Osbaldo Alvarez v. Loretta E. Lynch
This text of 669 F. App'x 459 (Osbaldo Alvarez v. Loretta E. Lynch) is published on Counsel Stack Legal Research, covering Court of Appeals for the Ninth Circuit primary law. Counsel Stack provides free access to over 12 million legal documents including statutes, case law, regulations, and constitutions.
Opinion
MEMORANDUM **
Osbaldo Bahena Alvarez, a native and citizen of Mexico, petitions pro se for review of the Board of Immigration Appeals’ order dismissing his appeal from an immigration judge’s order denying his application for cancellation of removal. We have jurisdiction under 8 U.S.C. § 1252. We review de novo questions of law, Latter-Singh v. Holder, 668 F.3d 1156, 1159 (9th Cir. 2012), and deny the petition for review.
The agency properly concluded that Alvarez’ conviction under California Penal Code (“C.P.C.”) § 422 is a crime involving moral turpitude under 8 U.S.C. § 1227(a)(2)(A)(i), where the maximum sentence of incarceration that could have been imposed was one year. See 8 U.S.C. § 1227(a)(2)(A)© (describing a crime involving moral turpitude “for which a sentence of one year or longer may be imposed”); Latter-Singh, 668 F.3d at 1163 (a conviction under C.P.C. § 422 is categorically a crime involving moral turpitude); C.P.C. § 422 (providing for punishment “by imprisonment in the county jail not to exceed one year”). Accordingly, the agency properly concluded that Alvarez is ineligible for cancellation of removal. See 8 U.S.C. § 1229b(b)(C) (an applicant cannot have been “convicted of an offense under *460 [8 U.S.C.] section 1182(a)(2) [or] 1227(a)(2)”).

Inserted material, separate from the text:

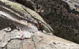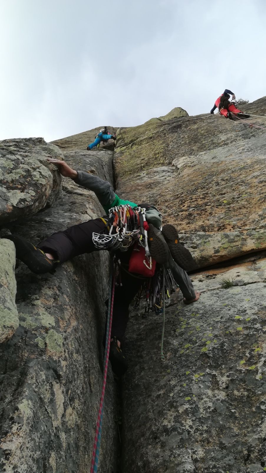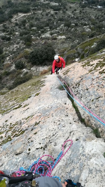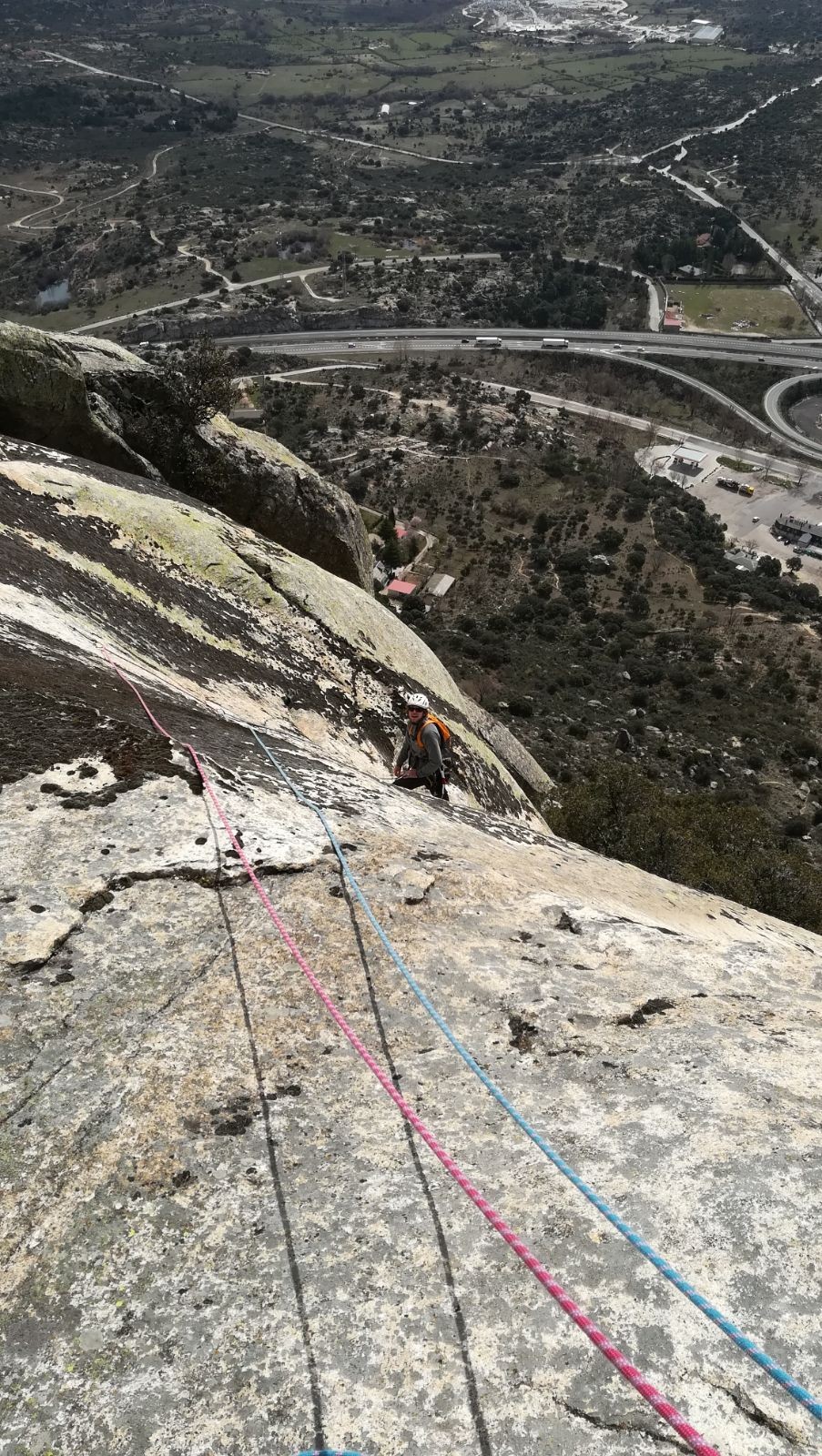 Poco a poco se deja ver el sol de forma muy tímida, y la pared se va secando. "Lola Flores", "Esteban Altieri", "Jose Manuel Alaiz", "La Cara Oculta de la Luna" sueño vías que van cayendo, y ya descartadas las dos primeras opciones de la clasificación general (Rafa/Javi y Carlos/Jorge su dos cordadas muy difíciles de superar) decidimos intentar superar a la cordada de Gabo y Talo, dos compañeros que también están en el programa de tecnificación pero de Madrid.
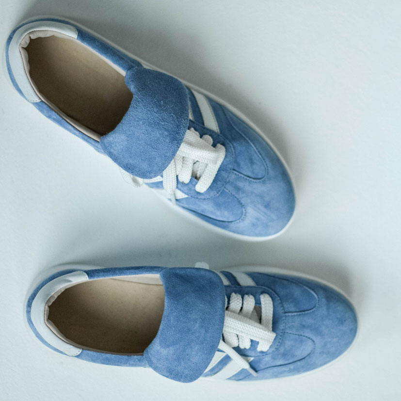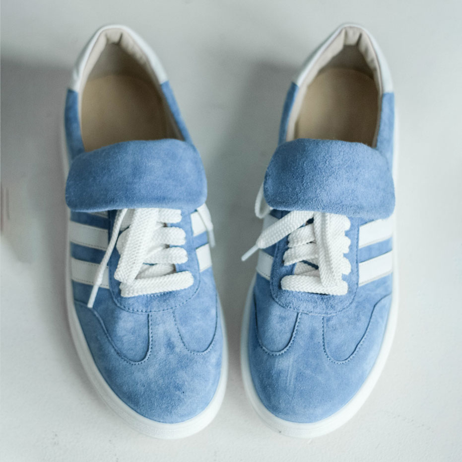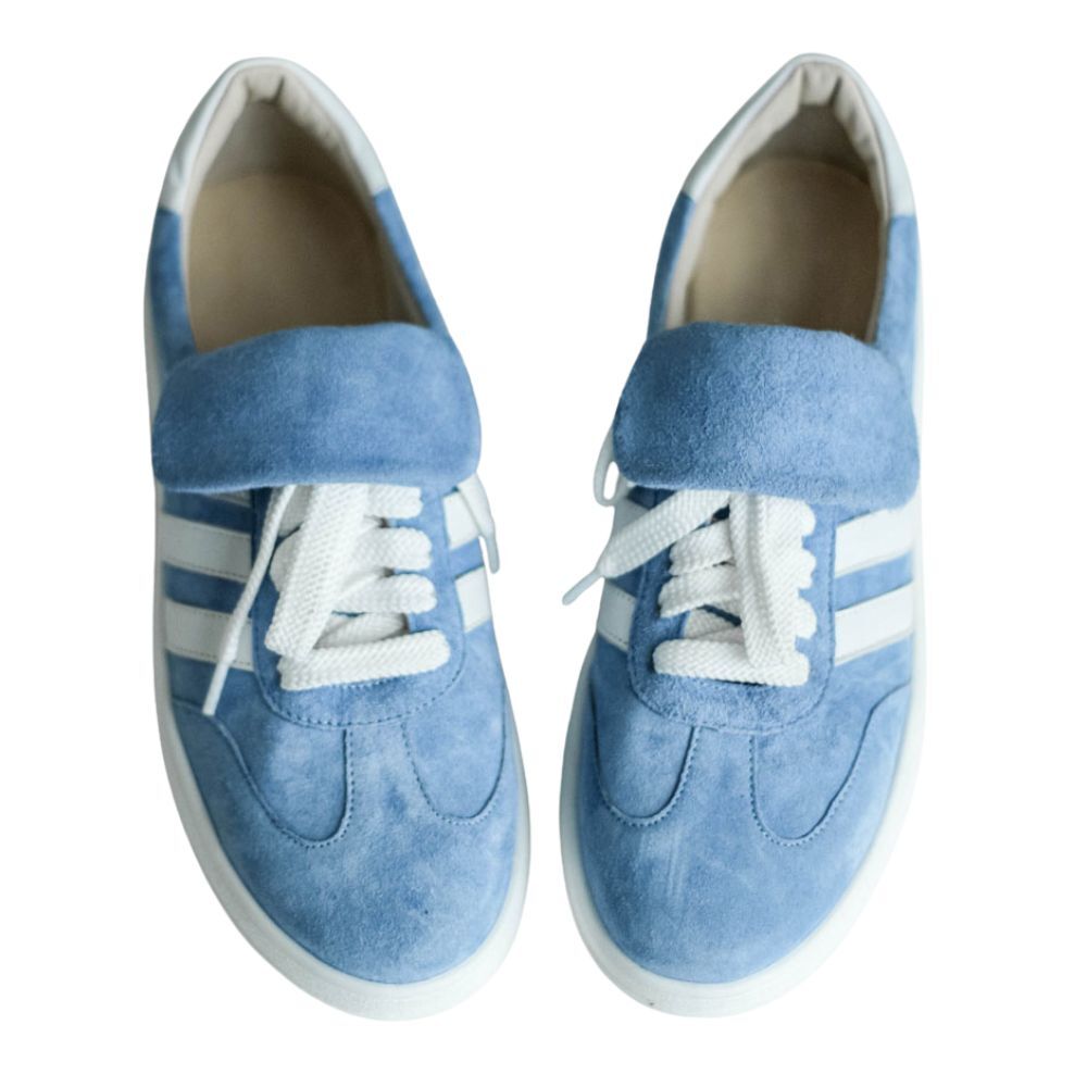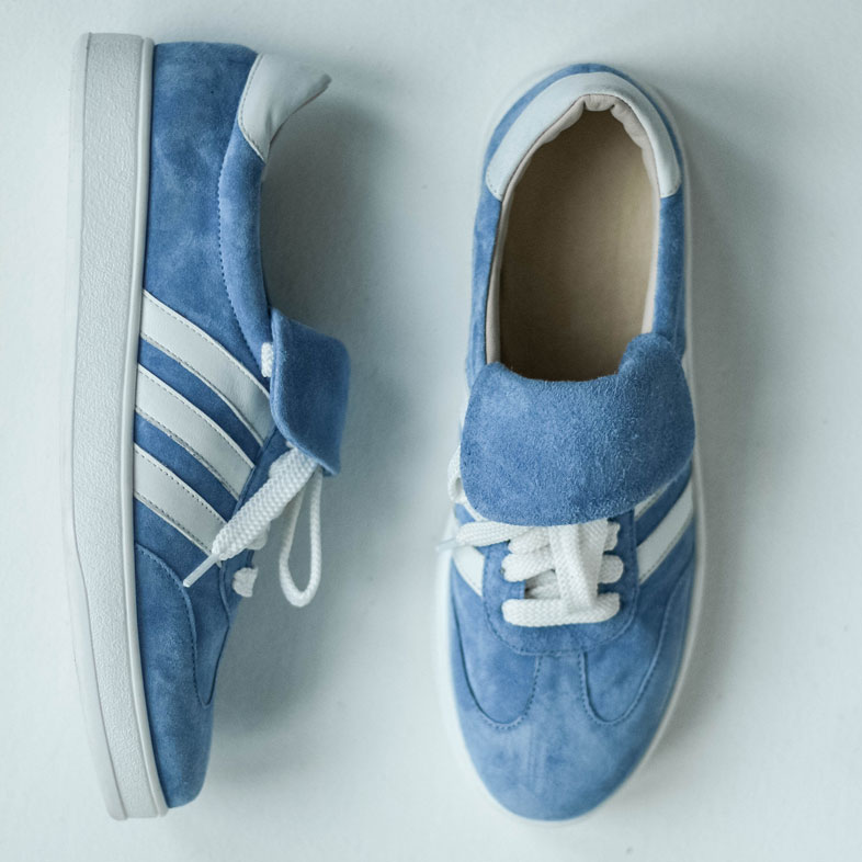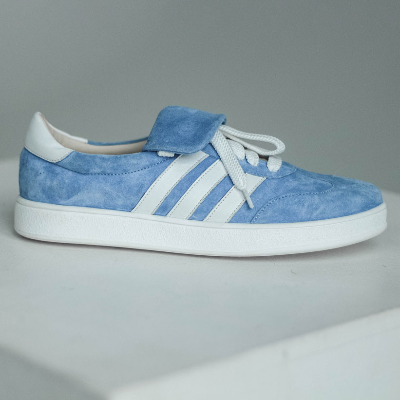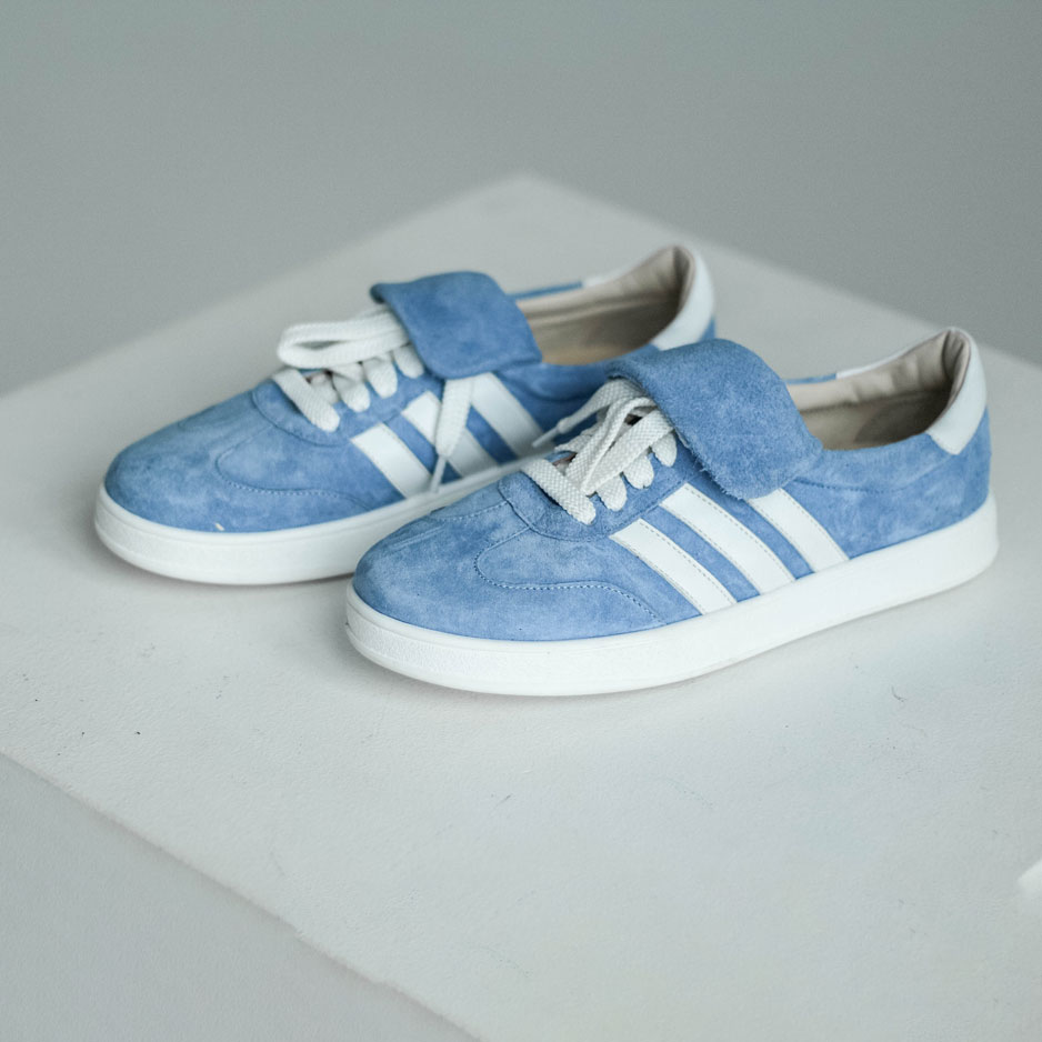 Кеды замшевые голубые с белым, самба. Кеды выполнены из мягкой замши в нежном небесно-голубом оттенке c белыми кожаными лампасами .

Contrary to Alvarez’ contention, the petty offense exception of 8 U.S.C. § 1182(a)(2)(A)(ii) does not render him eligible for cancellation of removal, where his conviction is otherwise covered by 8 U.S.C. § 1227(a)(2)(A)(i). See Mancilla-Delafuente v. Lynch, 804 F.3d 1262, 1265 (9th Cir. 2015) (a crime of moral turpitude was not entitled to petty offense exception of 8 U.S.C. § 1182(a)(2)(A)(ii), where the conviction was potentially punishable by one year imprisonment, and was covered by § 1227(a)(2)(A)®).
Contrary to Alvarez’ contention, our decision in Rosa-Castaneda v. Holder, 630 F.3d 881, amended by 655 F.3d 875 (9th Cir. 2011), does not relate to his case.
In light of this disposition, we do not reach Alvarez’ remaining contentions.
PETITION FOR REVIEW DENIED.
This disposition is not appropriate for publication and is not precedent except as provided by Ninth Circuit Rule 36-3.